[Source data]
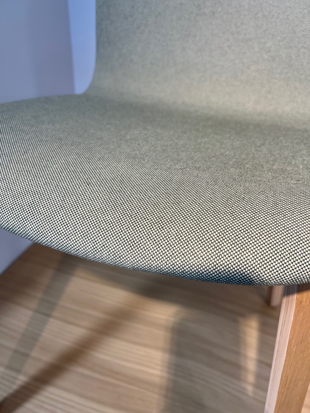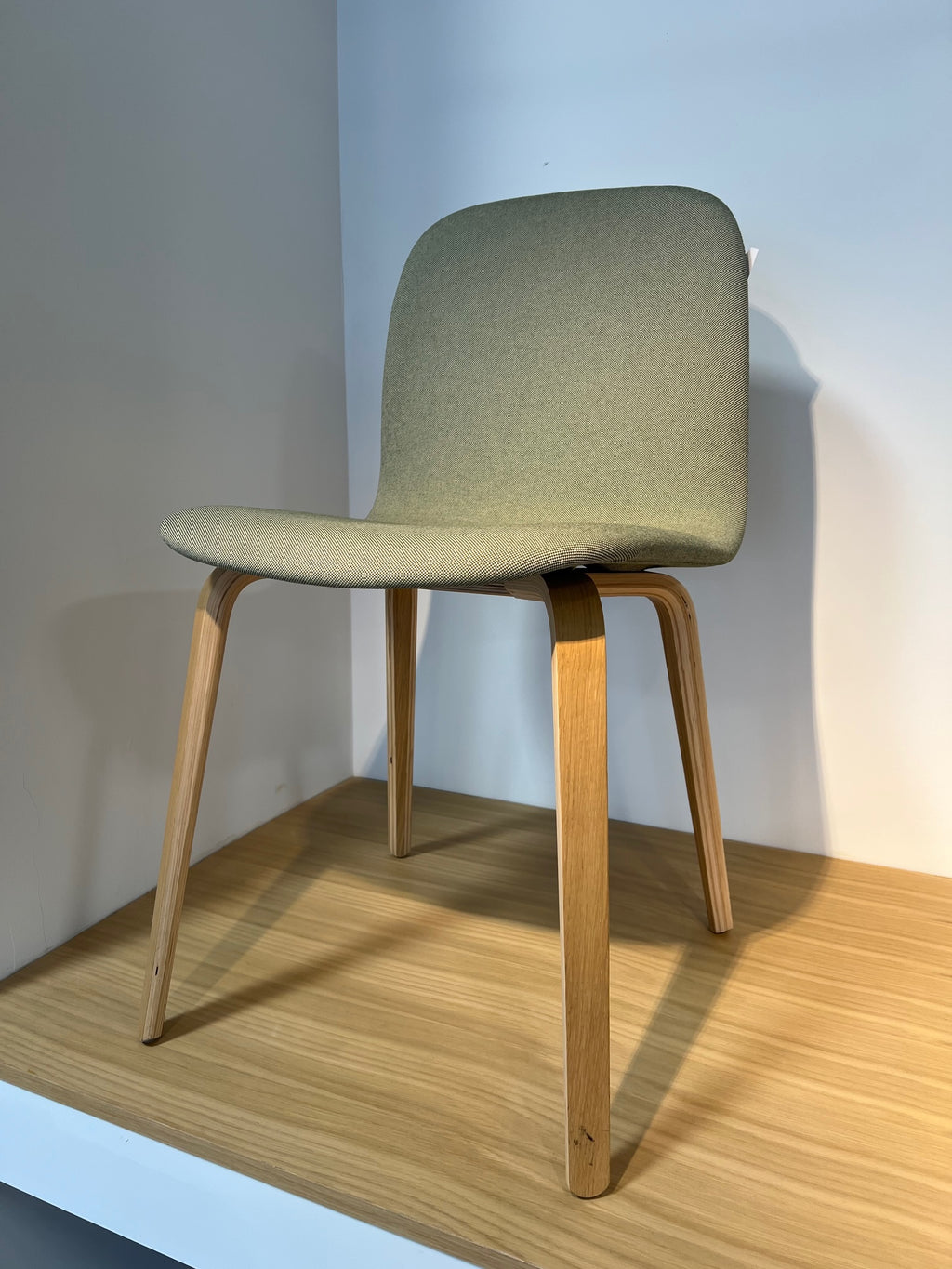 Upholstered version: Shell is made in form-pressed veneer with foam and fully upholstered with textile or leather. Wood Base is form-pressed in veneer with a water-based lacquer.
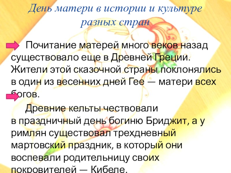 еще в Древней Греции. Жители этой сказочной страны поклонялись в один из весенних дней Гее — матери всех богов.
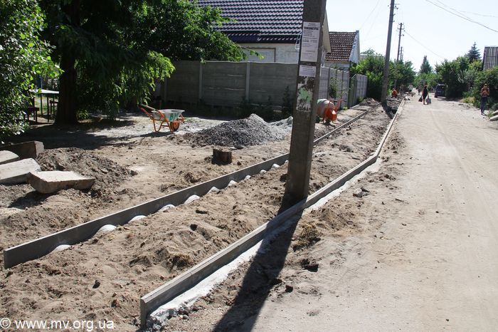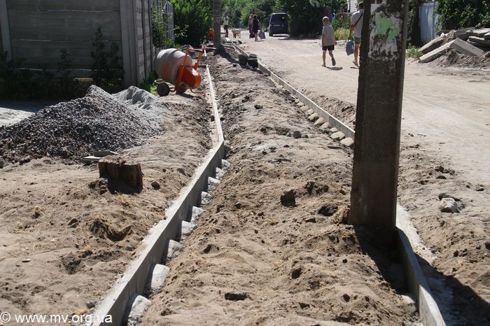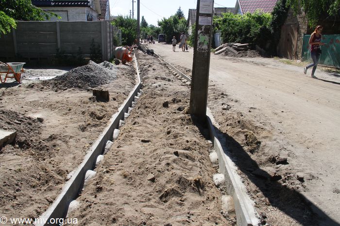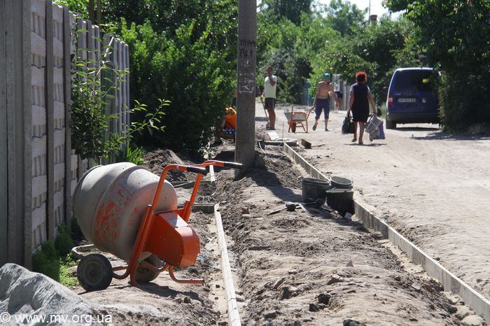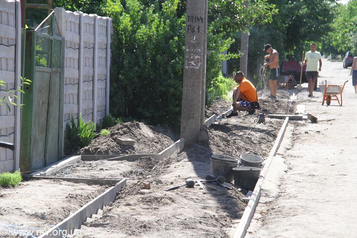 Укладка тротуара – это, наверное, первый пример благоустройства на этой улице за долгие годы. Дорога здесь грунтовая, богатая на ямы, летом от проезжающих автомобилей пыль стоит столбом, а в грязи после дождей можно утонуть. Конечно, хотя бы хорошему тротуару, выложенному плиточкой, горожане рады. Но их смущают столбы, расположенные теперь прямо на пешеходной части.
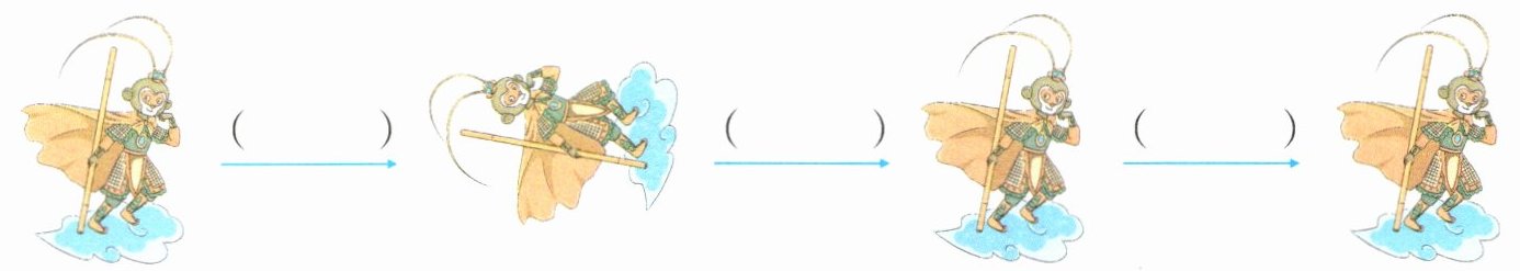 6. 新角度[传统文化]优优在游乐园里看到了皮影戏表演,工作人员在幕布后面操作皮影做了以下动作,在( )里填上“平移”或“旋转”。
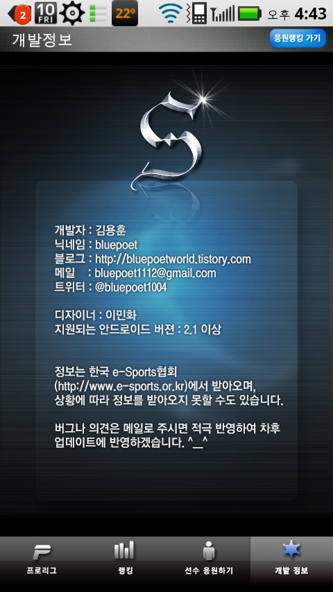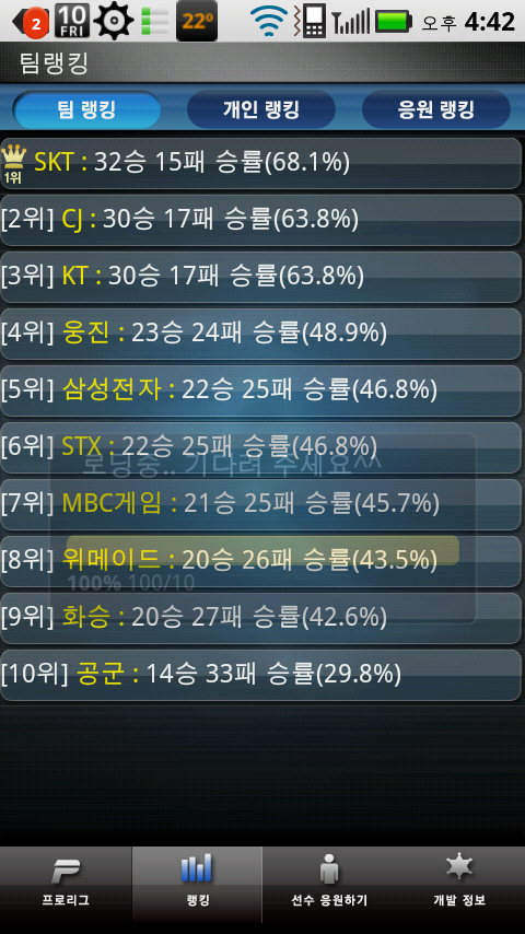 프로리그에 관한 어플리케이션이 있어서 소개합니다.
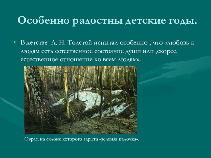 Овраг, на склоне которого зарыта «зеленая палочка».

_What the exercise asks_
All of the lines above should be retyped precisely, apart from the pictures.

_Reply_
 Upholstered version: Shell is made in form-pressed veneer with foam and fully upholstered with textile or leather. Wood Base is form-pressed in veneer with a water-based lacquer.
 еще в Древней Греции. Жители этой сказочной страны поклонялись в один из весенних дней Гее — матери всех богов.
 Укладка тротуара – это, наверное, первый пример благоустройства на этой улице за долгие годы. Дорога здесь грунтовая, богатая на ямы, летом от проезжающих автомобилей пыль стоит столбом, а в грязи после дождей можно утонуть. Конечно, хотя бы хорошему тротуару, выложенному плиточкой, горожане рады. Но их смущают столбы, расположенные теперь прямо на пешеходной части.
 6. 新角度[传统文化]优优在游乐园里看到了皮影戏表演,工作人员在幕布后面操作皮影做了以下动作,在( )里填上“平移”或“旋转”。
 프로리그에 관한 어플리케이션이 있어서 소개합니다.
 Овраг, на склоне которого зарыта «зеленая палочка».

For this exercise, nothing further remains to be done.